I think one of the expressions that has annoyed me most is that used by some (not all) of those who wish to live their lives completely as men, with beards etc (not that important) but claim some right to be accepted as women - 'expanding the band width' of what being a woman means.
What did I miss here? I have been busy having children and feel I have woken up in a place that has alien concepts to me, of conferring rights on such people (only examples) to share women's' safe spaces, compete against women in sport, win women's' awards.
Why? These people are not women in my view. They are transwomen, as a group deserving of their own protections, but not mine.
I lost a job due to having a baby, with post natal complications, including a hysterectomy, and my baby had additional needs. Not one transwoman can say that.
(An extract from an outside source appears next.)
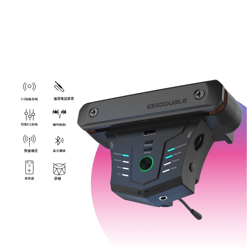 一個PICK UP多過用法,不單有DOUBL拿手的共振效果功能,而且有最新改良3.0 XR 線圈,還原能力加強, 48K及32BIT高清處理, 聲音更富豐 , 新增智能APPS控製, EQ , 效果,LOOP , 拍子,等等, 最後還新增了無線傳輸,讓你無論練習,演出都更輕鬆自在.

I cannot claim to have faced bullying for identifying as a gender I was not born to. My treatment at the hands of bullies doesn't mean I want or need to rely on the fast changing rights of transwomen to protect myself. We are different, with different needs and abilities, and different protections from harassment.

I am not with those who think transwomen are disgusting or a damaging parody of womankind. I want transwomen to feel free from fear. I also want them to understand my concern as a mother to 3 girls, that their protections and rights will suffer if the trans community won't face the difficult conversations I feel we need to have. It seems non-existent.
I have a friend who has just completed a PhD in 4th Wave Feminism. I asked to send me the best mix of literature she could on this whole topic. She said she thought I should read her thesis instead, or I would be looking at 650 pages of material that never really gets to the bottom of things.
Can any trans person please help me to understand? I want to get it, but I'm not sure I even understand what there is to get.

almondpudding · 07/08/2016 02:04

Badger, your post is very interesting, but it's covering a lot of stuff that this thread isn't really about.

Do you think that it would be worth starting a new thread about it? Not because there's anything wrong with posting on here, but just because not many people are posting on this thread.

I think that's because a. it is in feminist theory which people don't post in much, and b. maybe some people are worrying about why this thread was started and what posts on here might be used for.

You might get more posters responding to you (in the morning) and discussing the particular points raised by your post if you started a new thread in feminist chat.

Mjingaxx · 07/08/2016 07:32

I think to get Trans POV you are better off visiting Trans sites; there are not many trans people on MN

SpecialAgentFreyPie · 07/08/2016 07:35

Kim is trans

MephistoMarley · 07/08/2016 07:47

And I think kim is fed up of being the representative of All Things Trans on mumsnet!
Miranda yardley and Helen Heaton are trans women who have written and blogged about their experiences of being trans and their views on gender. I think they are both great.

bleedingnora · 07/08/2016 07:52

This reply has been deleted

Message withdrawn at poster's request.